Just published last week, "End" already has been sold to eight foreign markets, including England, Spain, Germany, and Russia. Ferris, who got an M.F.A. from the University of California at Irvine, also spent some time in the trenches of -- you guessed it -- the advertising industry. (Over the course of three years he worked at Davis-Harrison-Dion and Draft Worldwide, both in Chicago.)
He graciously agreed to let me grill him on how his adman past affected his present as a novelist.
For me, one of the most shockingly funny passages in your book comes within the first 25 pages: When one office worker's little girl goes missing and her colleagues volunteer to create a "missing" flier -- and then the group of them overthink it. They can't help but color-correct her image because the snapshot is sort of washed out, so then they also play up her hair and freckles, and then they obsess about the kerning on the "$10,000 REWARD" type, and even consider doing a little Photoshop work on her teeth. When you worked in advertising, how much of an overthinker were you?

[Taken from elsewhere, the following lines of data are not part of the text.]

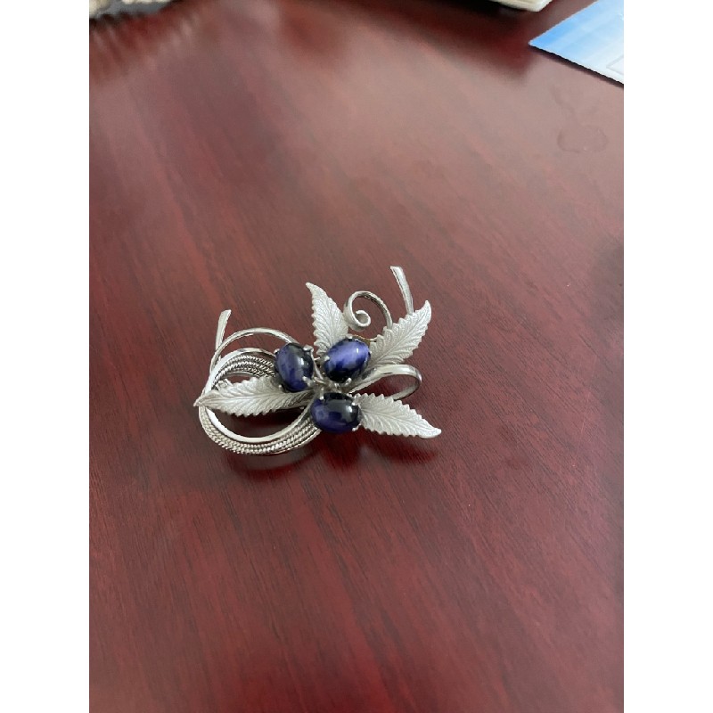 Ghim cài áo đính 3 viên đá mắt mèo màu tím, đá tự nhiên, không phải đá nhân tạo.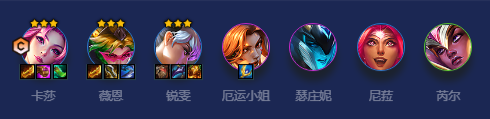 全2星中期很强势,但若不能追出3星,后期输出就很乏力,靠其他卡整体质量也许就吃个分;若能3星注意站位,防对面女枪或者高AOE法系输出秒掉卡莎和VN,则任何阵容都可一战。
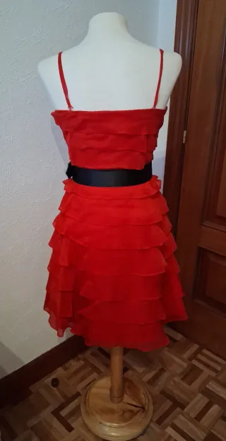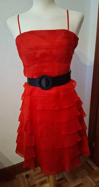 Elegante vestido de fiesta en color rojo, con un diseño de volantes escalonados. - Tirantes finos. - Cinturón negro con detalle de pedrería. - Falda con múltiples capas de volantes. Precio negociable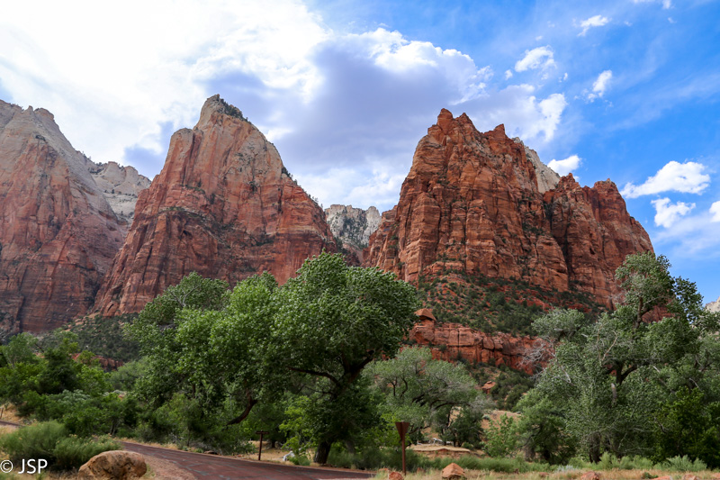 Kryžkelėje sukame į kairę ir Zion kanjonu važiuojam link parko pietinių vartų (South Entrance) – iki jų vos keli kilometrai.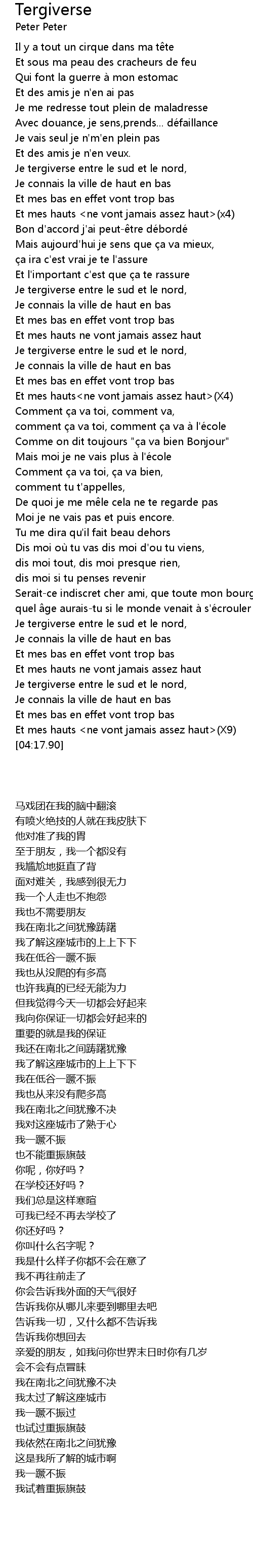 | [01:59.45] | Je tergiverse entre le sud et le nord, |

Most of the time I was doing pretty copy-heavy projects -- newsletters, brochures. I'd start overthinking only when it came to concepting. Then I'd get very elaborate with my visuals and ornate with my headlines. I'd turn a half-page print ad into an eight-fold pop-up with a linticular and a music-chip insert. By that time someone would have emerged from an office with a very pithy, very entertaining six-word sentence, to be accompanied by an image as simple as a clown's face, and it would say everything the client requested in a perfectly clever way. I'd return sheepishly to my office with my origami.

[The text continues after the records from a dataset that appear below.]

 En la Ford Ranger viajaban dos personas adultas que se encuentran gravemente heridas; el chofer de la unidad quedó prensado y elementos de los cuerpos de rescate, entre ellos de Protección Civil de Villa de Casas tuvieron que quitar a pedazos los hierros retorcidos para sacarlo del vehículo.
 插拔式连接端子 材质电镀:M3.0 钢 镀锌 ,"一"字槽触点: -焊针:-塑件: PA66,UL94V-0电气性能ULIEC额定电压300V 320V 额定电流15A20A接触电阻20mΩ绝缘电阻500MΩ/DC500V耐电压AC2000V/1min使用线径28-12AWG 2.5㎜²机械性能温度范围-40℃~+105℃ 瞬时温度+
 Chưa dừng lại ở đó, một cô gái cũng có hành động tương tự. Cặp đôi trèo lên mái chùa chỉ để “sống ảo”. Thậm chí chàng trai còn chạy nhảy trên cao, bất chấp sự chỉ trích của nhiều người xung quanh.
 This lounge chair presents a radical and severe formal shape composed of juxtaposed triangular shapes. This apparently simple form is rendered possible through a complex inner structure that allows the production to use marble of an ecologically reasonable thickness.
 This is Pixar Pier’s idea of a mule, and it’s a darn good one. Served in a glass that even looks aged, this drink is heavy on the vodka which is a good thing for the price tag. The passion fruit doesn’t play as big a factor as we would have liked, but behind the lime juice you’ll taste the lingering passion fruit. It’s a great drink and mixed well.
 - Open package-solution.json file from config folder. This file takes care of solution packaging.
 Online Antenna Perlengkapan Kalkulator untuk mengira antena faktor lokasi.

Do you remember the first line of ad copy you wrote?
My first copy was for a brochure marketing a feed additive for poultry. They needed about 300 words to describe why this additive would make chickens grow faster. I presented them with an 80-page scientific dissertation with pie charts and cross-references. The lesson I learned thereafter was that I was writing for something called an audience. It was a major revelation, and it had impact not only on my copywriting but on how I understood writing in general, fiction included.
Another great thing about your book is that it gives the reader a bird's-eye view of an advertising agency as a sort of self-contained information economy where absolutely everything, the entire emotional life of the office, hinges on the flow, or lack of flow. Like, one of my favorite lines in the book is: "We never disliked Joe more than when he had information that we had, too, which he refused to tell us" -- a distillation of one of the major reasons why the office drones resent a particularly aloof, withholding middle-manager. When you were in the thick of it, did you come to these sorts of realizations about character? Or did you have to get distance from it before you really figured out why you hated and/or loved certain kinds of personalities?
Both -- I observed them at the time, I needed distance to write about them.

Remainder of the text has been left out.